Reversal of Underlying Verdict Renders Declaratory Judgment Action Regarding Insurance Coverage Moot
The Supreme Court of Alabama has held that its reversal of a medical malpractice verdict mooted an ongoing declaratory judgment action brought by an insurer to determine whether a medical professional liability policy provided coverage for the malpractice verdict. Med. Assurance Co. v. Anesthesiology & Pain Med. of Montgomery, P.C., 2006 WL 3042905 (Ala. Oct. 27, 2006).

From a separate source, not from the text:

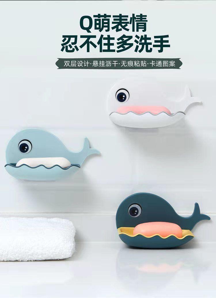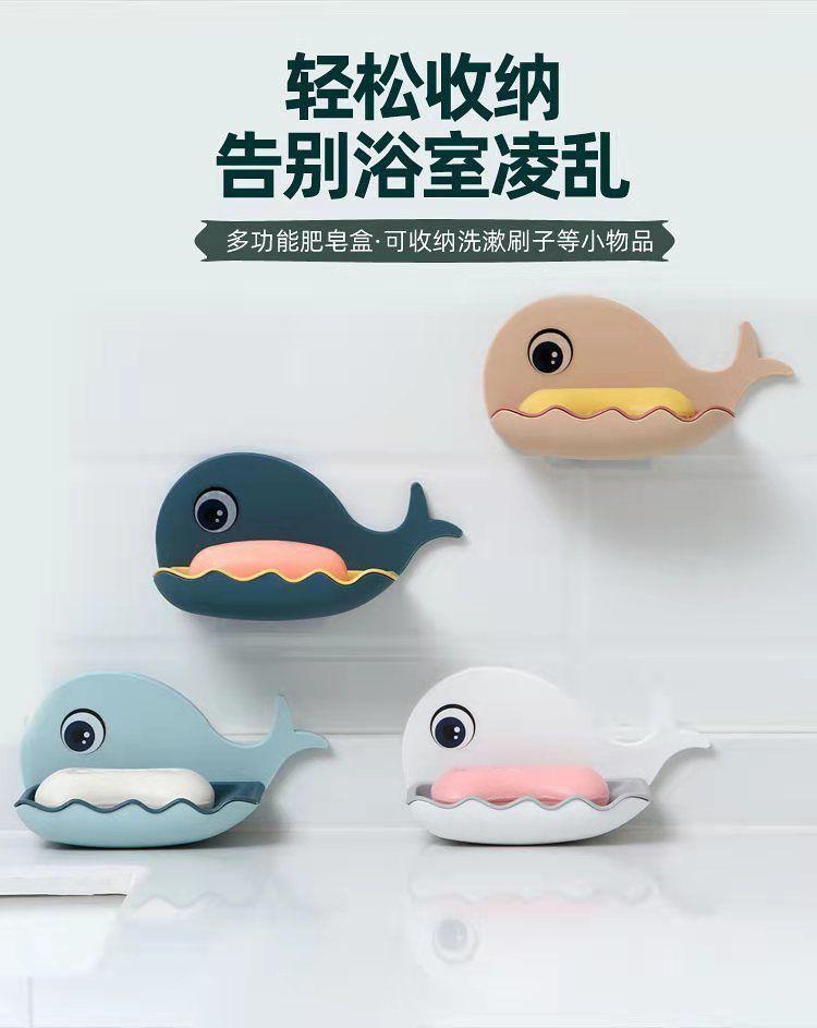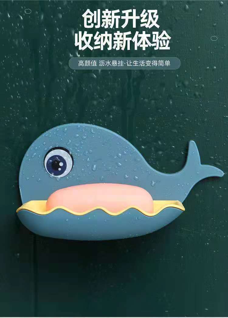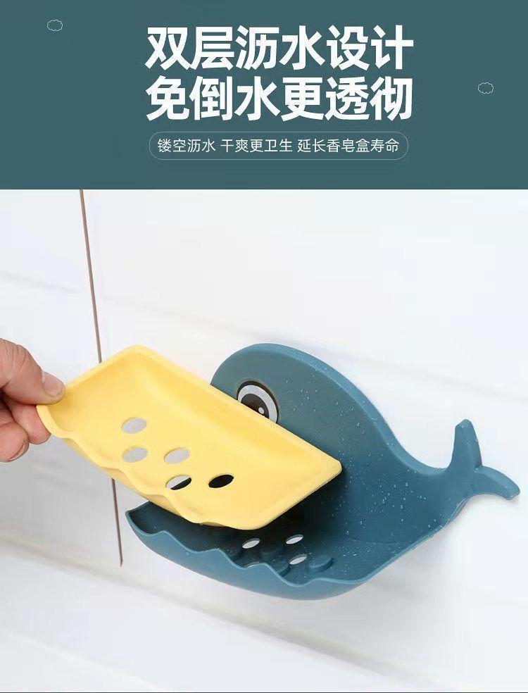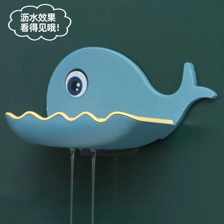 Jabonera con forma de ballena, bonita jabonera con ventosa para pared, sin perforaciones, para baño.

The underlying policy was issued to a clinic and its physicians and paramedical employees subject to a shared limit endorsement whereby coverage for any physician and the clinic was subject to a combined $1 million limit and coverage for any paramedical employee was limited to $100,000. The jury in the medical malpractice action returned a verdict against three of the defendants—a doctor, a nurse, and the clinic—without apportioning their individual liability. The insurer then filed a declaratory judgment action to construe and apply the shared limit endorsement. Subsequently, the Supreme Court of Alabama reversed the original malpractice action. In finding that the reversal of the malpractice action mooted the declaratory judgment action, the court reasoned that the malpractice action could result in a verdict against eight possible combinations of defendants, and, under many possible outcomes, no question as to the shared limit endorsement would be raised. Since state law precluded the court from issuing an advisory opinion, the declaratory judgment action had to be mooted. The court noted in closing that the insurer was not barred from litigating any coverage issues once a new verdict was reached.